Assigned task
Go to the line with "1 до 2 лет." in the material below and copy from there through the line with "地域福祉の中核を担う社会福祉", exactly. Pictures are not copied.

================

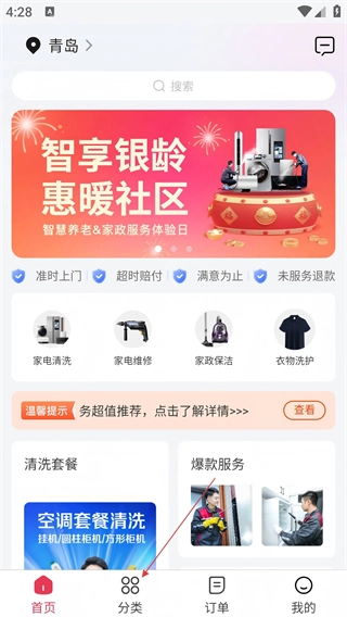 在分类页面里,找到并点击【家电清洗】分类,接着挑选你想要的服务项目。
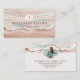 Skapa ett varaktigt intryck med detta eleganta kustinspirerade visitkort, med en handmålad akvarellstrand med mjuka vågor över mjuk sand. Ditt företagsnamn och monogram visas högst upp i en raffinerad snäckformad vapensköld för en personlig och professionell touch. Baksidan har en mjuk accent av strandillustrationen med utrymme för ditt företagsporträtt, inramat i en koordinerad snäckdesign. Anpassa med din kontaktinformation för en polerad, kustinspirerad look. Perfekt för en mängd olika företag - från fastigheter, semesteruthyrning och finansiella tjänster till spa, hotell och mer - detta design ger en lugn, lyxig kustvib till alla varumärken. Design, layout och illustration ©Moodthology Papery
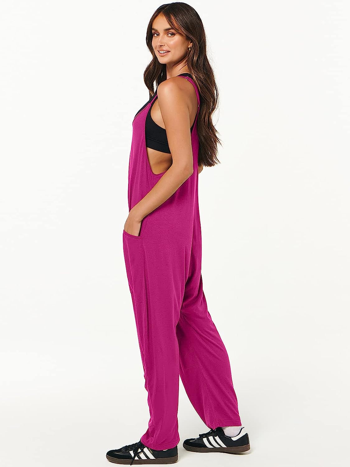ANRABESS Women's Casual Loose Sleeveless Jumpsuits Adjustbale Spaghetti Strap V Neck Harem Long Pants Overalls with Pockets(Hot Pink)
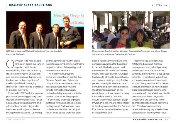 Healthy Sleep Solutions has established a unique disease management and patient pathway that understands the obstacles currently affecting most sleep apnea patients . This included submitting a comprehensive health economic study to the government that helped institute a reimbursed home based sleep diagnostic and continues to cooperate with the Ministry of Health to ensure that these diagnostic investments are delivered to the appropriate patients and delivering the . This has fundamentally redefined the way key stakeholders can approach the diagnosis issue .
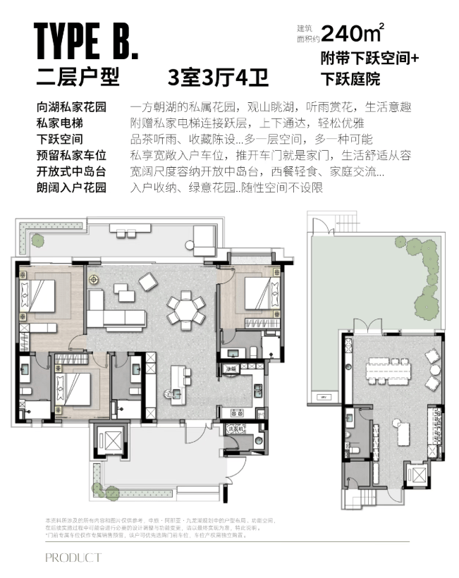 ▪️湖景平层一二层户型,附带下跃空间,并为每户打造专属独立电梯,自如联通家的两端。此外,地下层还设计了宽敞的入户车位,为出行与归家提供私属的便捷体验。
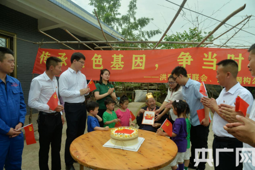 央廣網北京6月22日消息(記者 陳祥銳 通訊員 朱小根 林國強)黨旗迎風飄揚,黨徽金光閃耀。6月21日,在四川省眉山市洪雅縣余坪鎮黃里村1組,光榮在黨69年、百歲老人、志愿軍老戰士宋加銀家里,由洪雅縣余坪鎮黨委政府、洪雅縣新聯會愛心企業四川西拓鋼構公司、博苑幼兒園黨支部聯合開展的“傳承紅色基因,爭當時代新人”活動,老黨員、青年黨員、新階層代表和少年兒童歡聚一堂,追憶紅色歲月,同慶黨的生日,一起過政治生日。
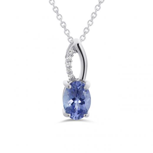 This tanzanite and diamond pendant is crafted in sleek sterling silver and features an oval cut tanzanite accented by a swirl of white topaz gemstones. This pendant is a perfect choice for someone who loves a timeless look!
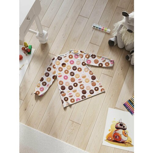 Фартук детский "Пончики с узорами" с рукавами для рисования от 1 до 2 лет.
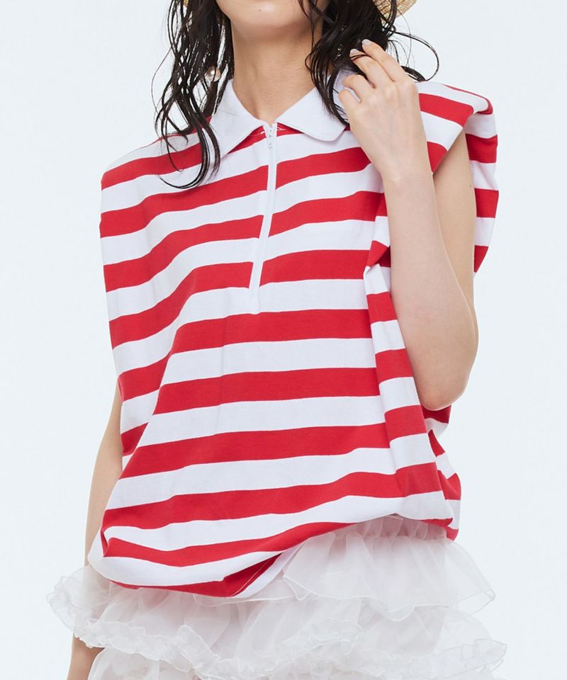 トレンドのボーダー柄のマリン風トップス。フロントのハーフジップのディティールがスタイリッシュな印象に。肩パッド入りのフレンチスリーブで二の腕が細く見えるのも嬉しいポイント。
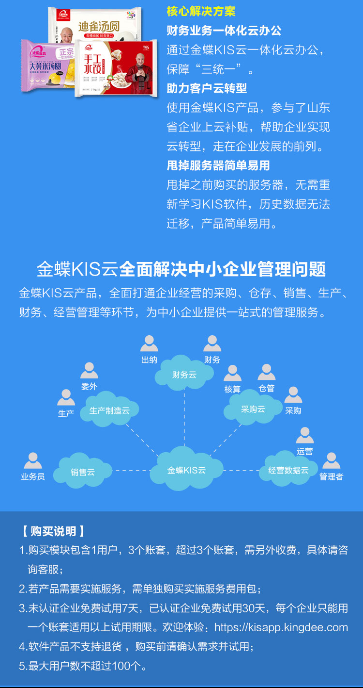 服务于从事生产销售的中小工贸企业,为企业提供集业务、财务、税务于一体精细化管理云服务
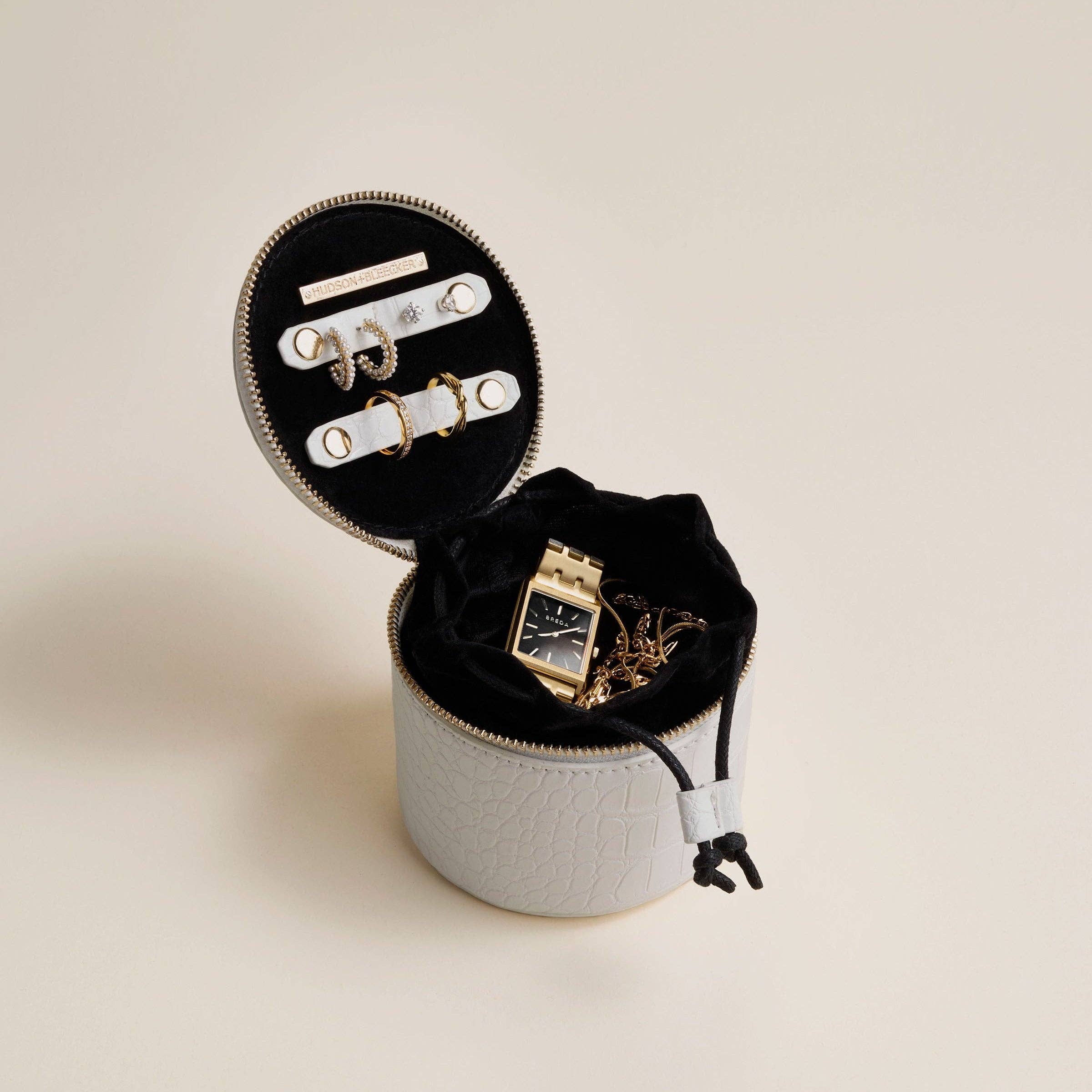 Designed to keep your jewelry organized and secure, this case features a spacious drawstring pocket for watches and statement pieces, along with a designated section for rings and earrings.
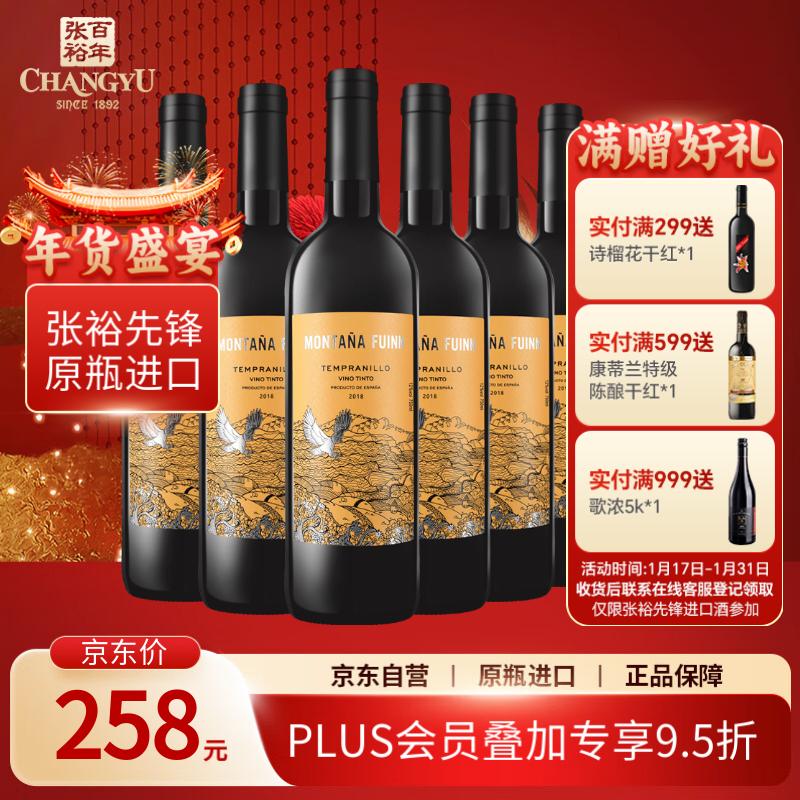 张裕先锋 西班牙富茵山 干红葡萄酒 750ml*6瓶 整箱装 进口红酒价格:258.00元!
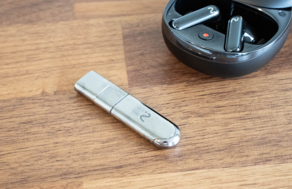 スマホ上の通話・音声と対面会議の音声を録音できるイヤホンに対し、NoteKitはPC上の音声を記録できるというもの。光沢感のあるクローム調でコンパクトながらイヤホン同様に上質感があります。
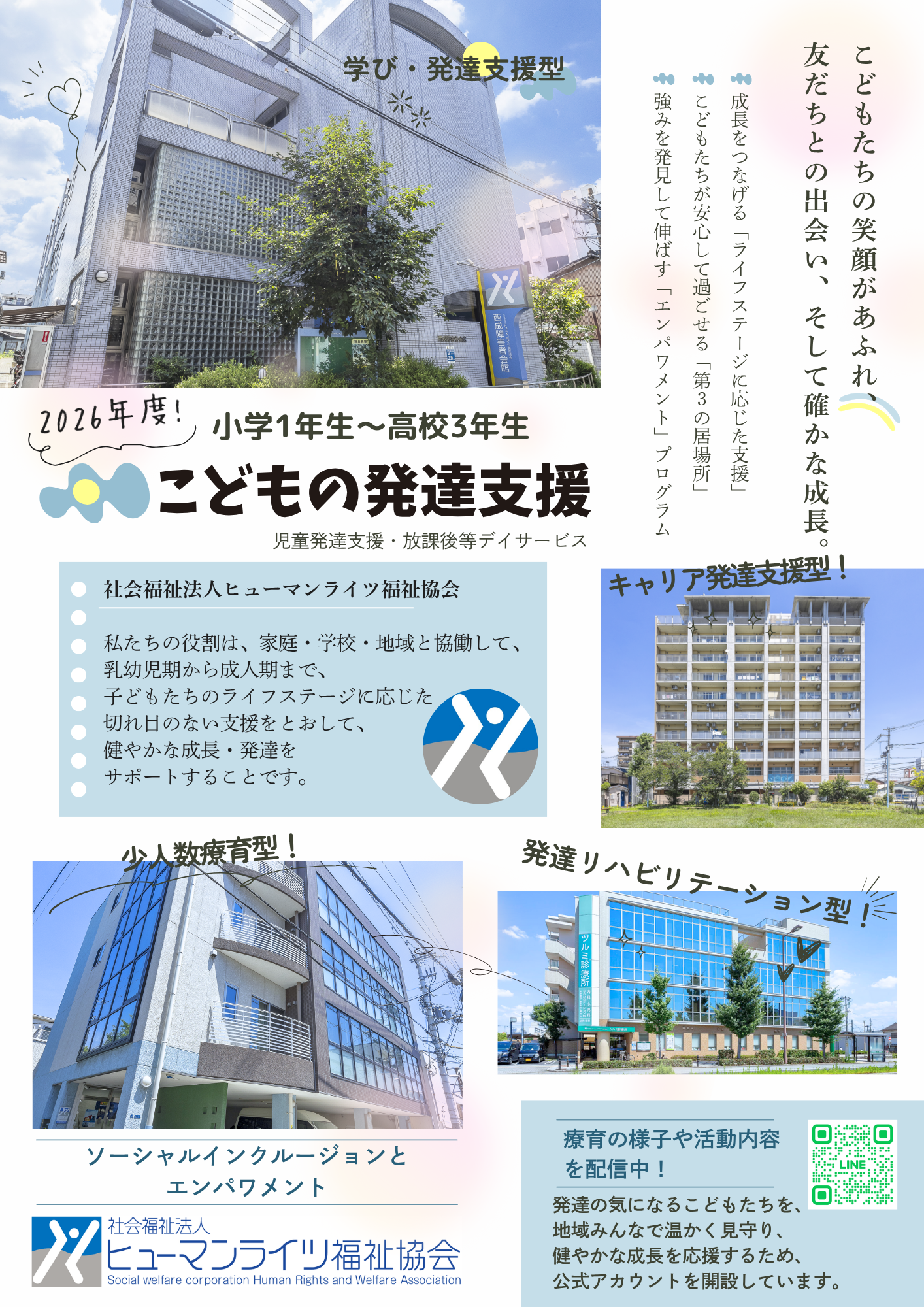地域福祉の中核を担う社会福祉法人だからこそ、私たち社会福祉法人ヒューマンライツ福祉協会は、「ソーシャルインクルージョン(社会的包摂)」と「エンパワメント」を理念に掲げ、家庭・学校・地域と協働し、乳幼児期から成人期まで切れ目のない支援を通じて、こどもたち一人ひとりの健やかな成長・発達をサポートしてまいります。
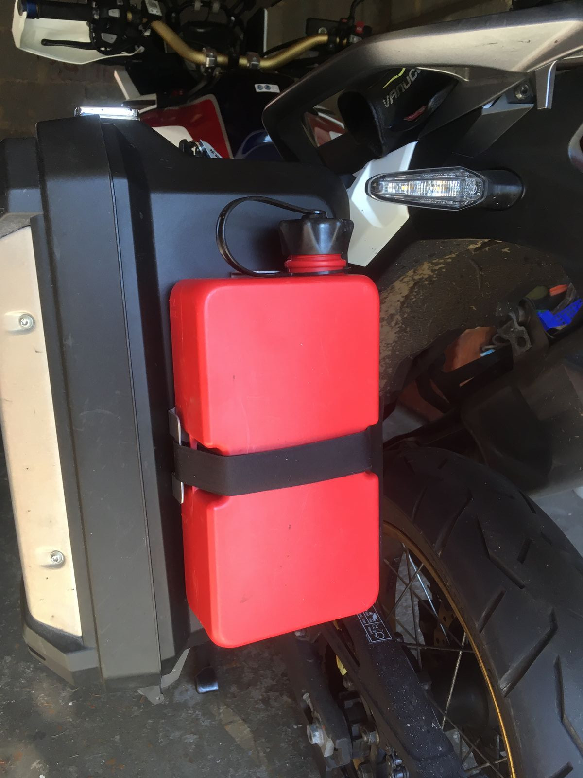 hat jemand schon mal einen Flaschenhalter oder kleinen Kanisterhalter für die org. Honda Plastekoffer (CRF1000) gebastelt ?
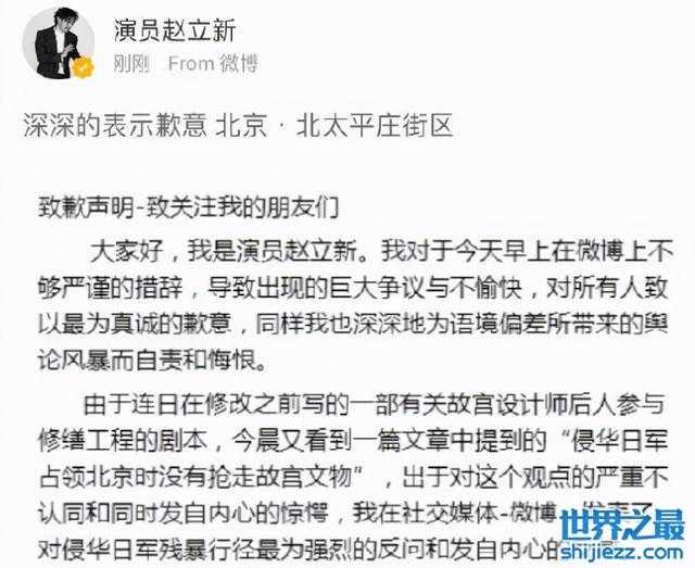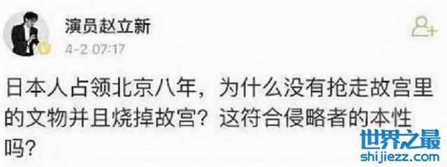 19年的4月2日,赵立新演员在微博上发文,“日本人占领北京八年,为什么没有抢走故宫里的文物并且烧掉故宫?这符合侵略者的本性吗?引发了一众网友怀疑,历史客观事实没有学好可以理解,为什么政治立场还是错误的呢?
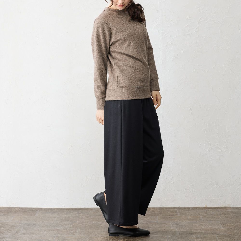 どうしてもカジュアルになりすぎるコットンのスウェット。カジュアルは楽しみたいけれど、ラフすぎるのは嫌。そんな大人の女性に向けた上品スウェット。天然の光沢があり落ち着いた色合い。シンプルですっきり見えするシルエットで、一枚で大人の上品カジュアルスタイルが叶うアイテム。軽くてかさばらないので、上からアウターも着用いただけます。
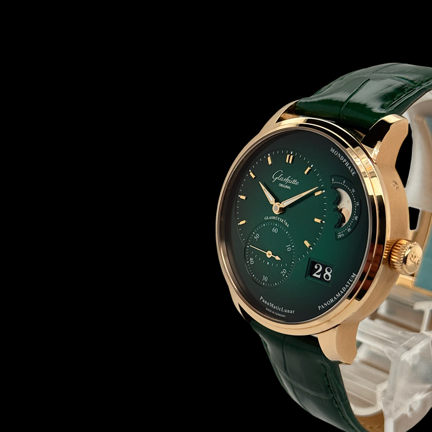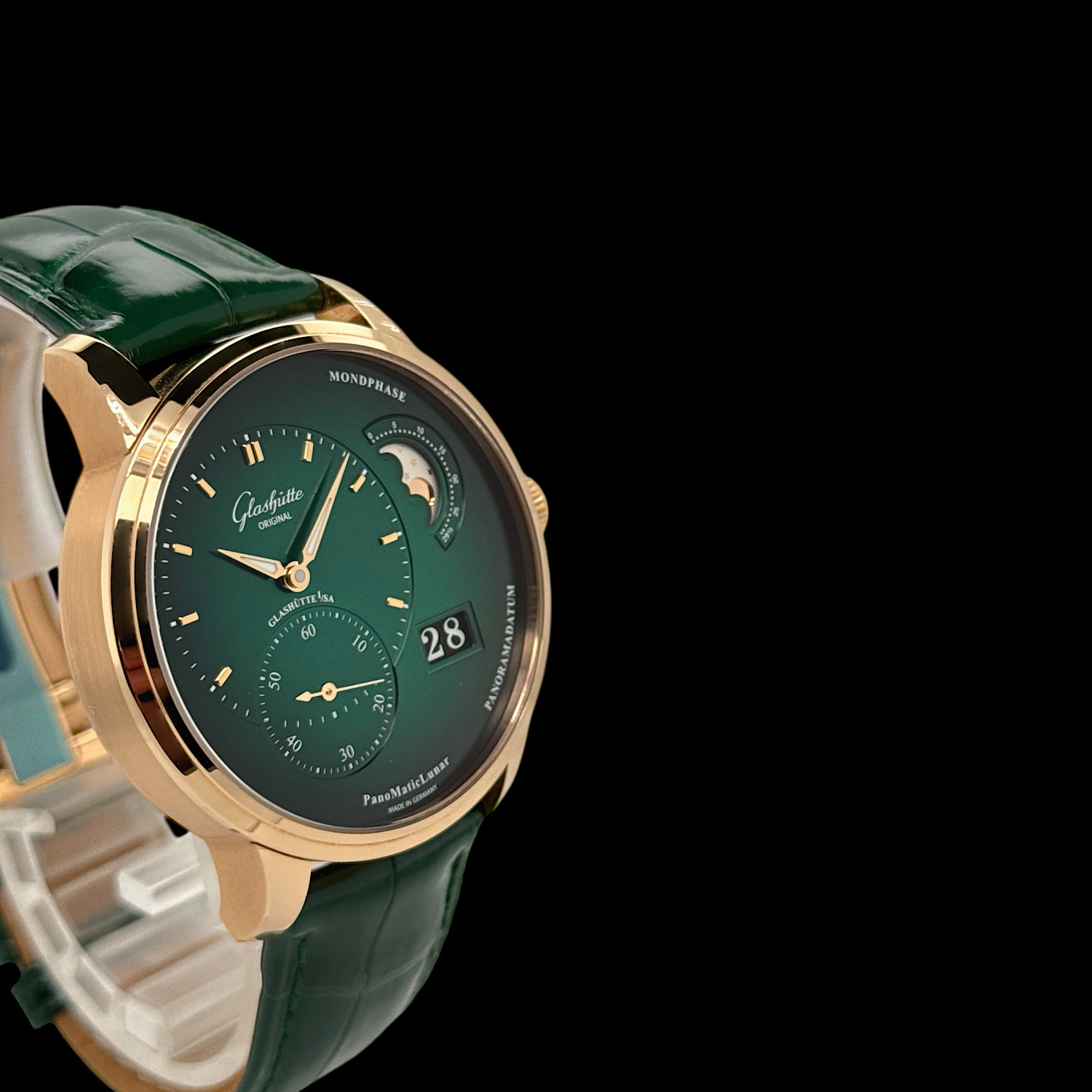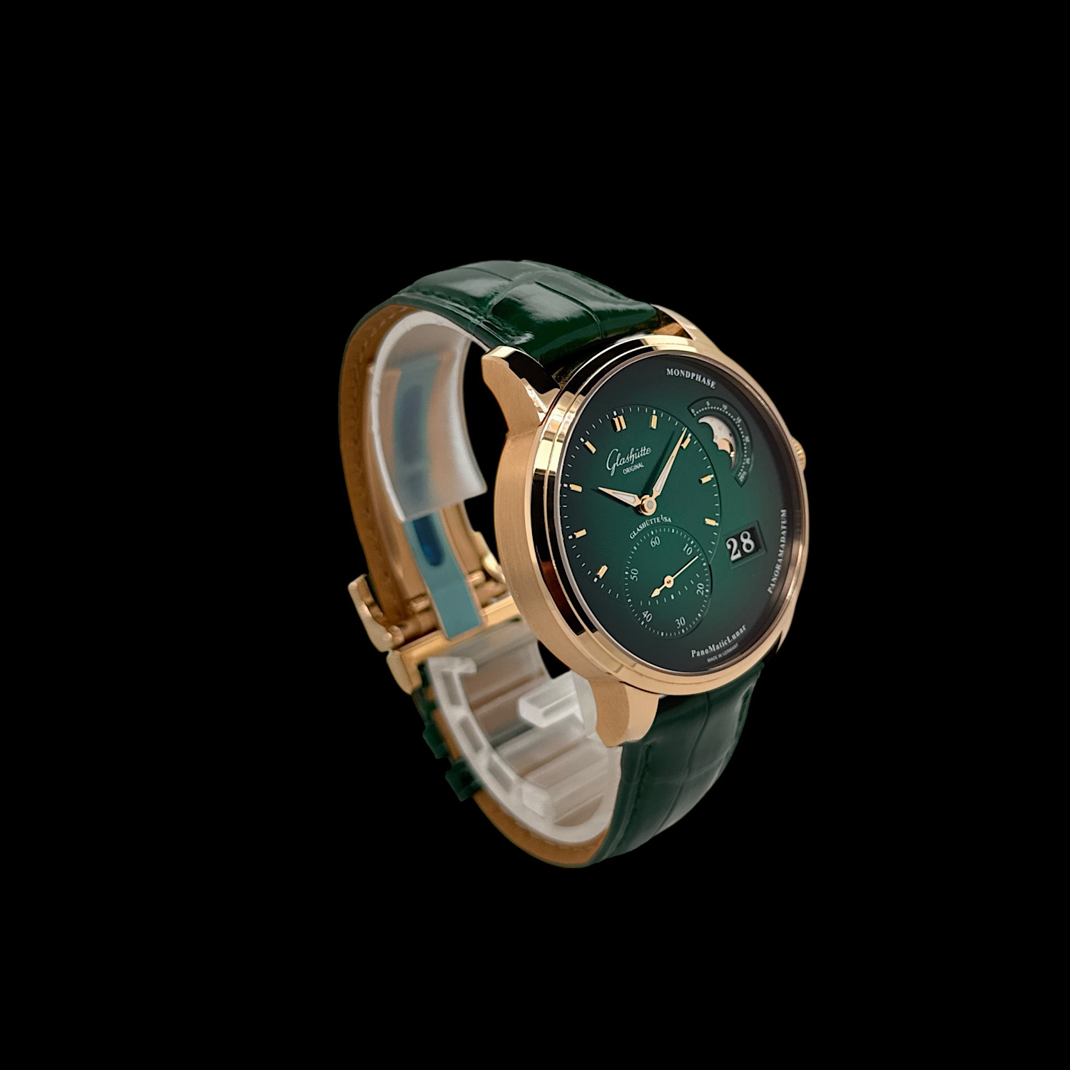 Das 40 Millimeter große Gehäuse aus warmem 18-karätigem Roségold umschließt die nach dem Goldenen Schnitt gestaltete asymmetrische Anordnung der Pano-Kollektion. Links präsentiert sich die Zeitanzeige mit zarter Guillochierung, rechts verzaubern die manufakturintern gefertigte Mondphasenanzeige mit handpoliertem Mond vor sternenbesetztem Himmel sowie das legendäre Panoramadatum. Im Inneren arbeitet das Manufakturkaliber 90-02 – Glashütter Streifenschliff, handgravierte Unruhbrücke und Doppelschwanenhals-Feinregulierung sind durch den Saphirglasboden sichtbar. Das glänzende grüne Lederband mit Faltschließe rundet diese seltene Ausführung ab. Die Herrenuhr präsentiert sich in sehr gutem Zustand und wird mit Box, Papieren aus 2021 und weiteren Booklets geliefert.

================

Written answer
 Фартук детский "Пончики с узорами" с рукавами для рисования от 1 до 2 лет.
 トレンドのボーダー柄のマリン風トップス。フロントのハーフジップのディティールがスタイリッシュな印象に。肩パッド入りのフレンチスリーブで二の腕が細く見えるのも嬉しいポイント。
 服务于从事生产销售的中小工贸企业,为企业提供集业务、财务、税务于一体精细化管理云服务
 Designed to keep your jewelry organized and secure, this case features a spacious drawstring pocket for watches and statement pieces, along with a designated section for rings and earrings.
 张裕先锋 西班牙富茵山 干红葡萄酒 750ml*6瓶 整箱装 进口红酒价格:258.00元!
 スマホ上の通話・音声と対面会議の音声を録音できるイヤホンに対し、NoteKitはPC上の音声を記録できるというもの。光沢感のあるクローム調でコンパクトながらイヤホン同様に上質感があります。
地域福祉の中核を担う社会福祉法人だからこそ、私たち社会福祉法人ヒューマンライツ福祉協会は、「ソーシャルインクルージョン(社会的包摂)」と「エンパワメント」を理念に掲げ、家庭・学校・地域と協働し、乳幼児期から成人期まで切れ目のない支援を通じて、こどもたち一人ひとりの健やかな成長・発達をサポートしてまいります。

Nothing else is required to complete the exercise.